Some of this latent Anglo-American predilection for spiciness comes from colonial or neocolonial empires. Curry was an English adaptation of Indian cuisine widely disseminated as far back as the eighteenth century. In the early nineteenth century, the curries served at the Oriental and East India clubs in London were famous for their fiery flavor (Forrest 1968, p. 53; Prasch 2008, pp. 597–598). By a process that would be repeated with other imported cuisines, curry became progressively milder as every club and hotel dining room in Britain came to offer it. Until the 1960s, English curry was a creamy and only lightly spiced stew, but the pendulum swung back again toward a formula in which chili pepper was predominant and tough guys held “vindaloo” contests to see who could eat the hottest curry. In Martin Amis’ 1989 novel London Fields, a small-time criminal patronizes a restaurant called “The Indian Mutiny” where he challenges the waiters to make a mutton vindaloo that is too hot for him (with “napalm sauce”). This insular, xenophobic character considers eating curry as typically British, like playing darts in a pub (Buettner 2008, pp. 881–885). Spicy immigrant restaurant food might be regarded with affection by the nonimmigrant population, but the people who run the restaurants and members of their ethnic group can simultaneously be regarded with contempt, even fear, as is the case with Mexican restaurants and Mexican immigrants in the United States.

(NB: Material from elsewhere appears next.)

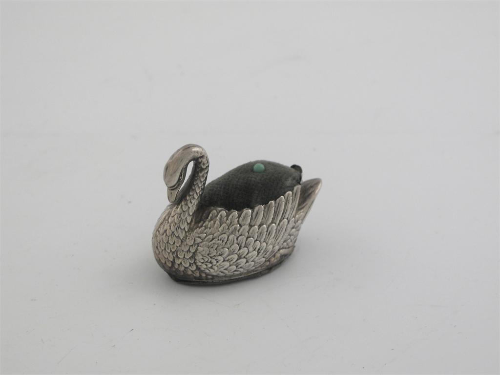A pin cushion in the form of a swan, by H. Matthews, Birmingham 1908, 2.2in (5.4cm)

In recent decades, the taste for spices has returned to Europe and North America. This is only partly due to immigration and the proliferation of international restaurants. Thai and Tex-Mex food, which are all the rage in Germany and Scandinavia, have little relation to emigration to those countries and more with global popular culture. Restaurants opened by immigrants are, of course, popular in the United States, but the passion for spicy dishes such as Buffalo chicken wings, Nashville hot chicken, or blackened redfish results from the popularization of domestic local specialties.
The change toward a greater appreciation of spice in Western cuisines is furthered by the globalization of taste, a complementary phenomenon to the spread of Western fast foods. Globalization has both homogenizing effects (the same KFC formula in Beijing and Buenos Aires) and eclecticism – the availability of dozens of international cuisines. Fondness for safe versions of unfamiliar cuisine, once a peculiarity of the United States and Britain, has now spread everywhere. Spices remain both cherished ingredients in local products and universal flavorings for an indistinct global assortment of tacos, pizza, and sushi.